Let be $ c \in (0, 2 \pi) $
and $$f_c(x):= \begin{cases} \frac{x}{c} , 0 \leq x \leq c \\ \frac{2 \pi -x}{2 \pi -c}, c < x \leq 2 \pi \end{cases} $$
I want to determine $c$,
so that
$\hat{f} (m)=0 $
for $ m \in 7 \mathbb{Z} \backslash \{ 0\} $
it is
$ \hat{f}(m)= \frac{1}{2 \pi} \int_0^{2 \pi} f(x) e^{-imx} dx $ $= \frac{1}{2 \pi} [\int_0^c \frac{x}{c} e^{-imx} dx + \int_c^{2 \pi} \frac{2 \pi -x}{2 \pi -c} e^{-imx} dx] $
=$\frac{1}{2 \pi}[ [ \frac{(imx+1) e^{-imx}}{cm^2} ]_0^c +[ \frac{(im(x- 1 \pi)+1)e^{-imx}}{(c-2 \pi )m^2}]_c^{2 \pi} $
=$ \frac{1}{2 \pi} [ \frac{(cm-i)sin(cm)+(icm+1)cos(cm)-1}{cm^2}] + \frac{1}{2 \pi} [- \frac{((c- 2 \pi)m-i)sin(cm)+((ic-2i \pi )m+1)cos(cm)+isin(2 \pi m)-cos(2 \pi m)}{(c-2\pi)m^2}] $
i was trying to reshape the equation $ \hat{f} (m) =! 0 $
but i get stuck at determining a $c$. And what will it mean for $ m \in 7 \mathbb{Z} \backslash \{0 \} $
do you see a mistake here? Or is there an other approach? Would be very thankful for any help!

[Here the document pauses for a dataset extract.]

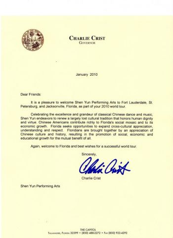 佛州州长查理·克里斯特(Charlie Crist)祝愿神韵艺术团的全球巡回演出成功。他写到:“庆祝中国古典舞和音乐的卓越和宏伟,神韵艺术团努力再现很大程度上丧失了的、珍视人的尊严和美德的文化传统。”
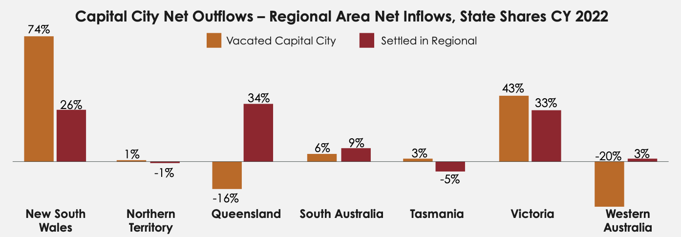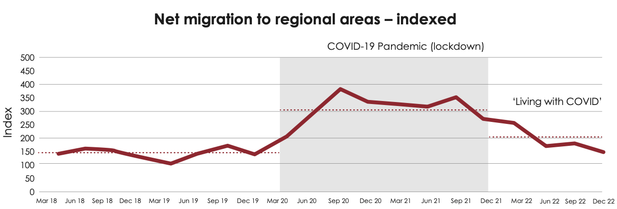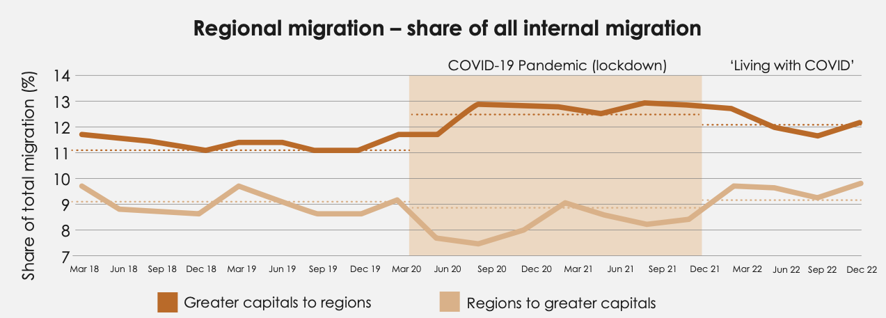 One year into the post-pandemic era, the population flow from capital cities to the regions has remained elevated, as shown in the chart below.

We have \begin{align} \hat{f}(m) &= \frac{1}{2\pi}\int_0^c \frac{x}{c}\mathrm{e}^{-\mathrm{i}mx} dx + \frac{1}{2\pi}\int_c^{2\pi} \frac{2\pi - x}{2\pi - c}\mathrm{e}^{-\mathrm{i}mx} dx\\ &= \frac{1}{2\pi (2\pi - c) m^2}\left(1 - \mathrm{e}^{-\mathrm{i}2m\pi}\right) - \frac{1}{(2\pi - c) cm^2}\left(1 - \mathrm{e}^{-\mathrm{i}cm}\right). \end{align} Remark: I used Maple to simplify the expressions.
For $m \in 7 \mathbb{Z} \backslash \{ 0\}$, we have $$\hat{f}(m) = -\frac{1}{(2\pi - c) cm^2}\left(1 - \mathrm{e}^{-\mathrm{i}cm}\right).$$ Since $\hat{f}(m) = 0$ for all $m \in 7 \mathbb{Z} \backslash \{ 0\}$, we have $c = \frac{2\pi}{7}, \frac{4\pi}{7}, \frac{6\pi}{7}, \frac{8\pi}{7}, \frac{10\pi}{7}, \frac{12\pi}{7}$.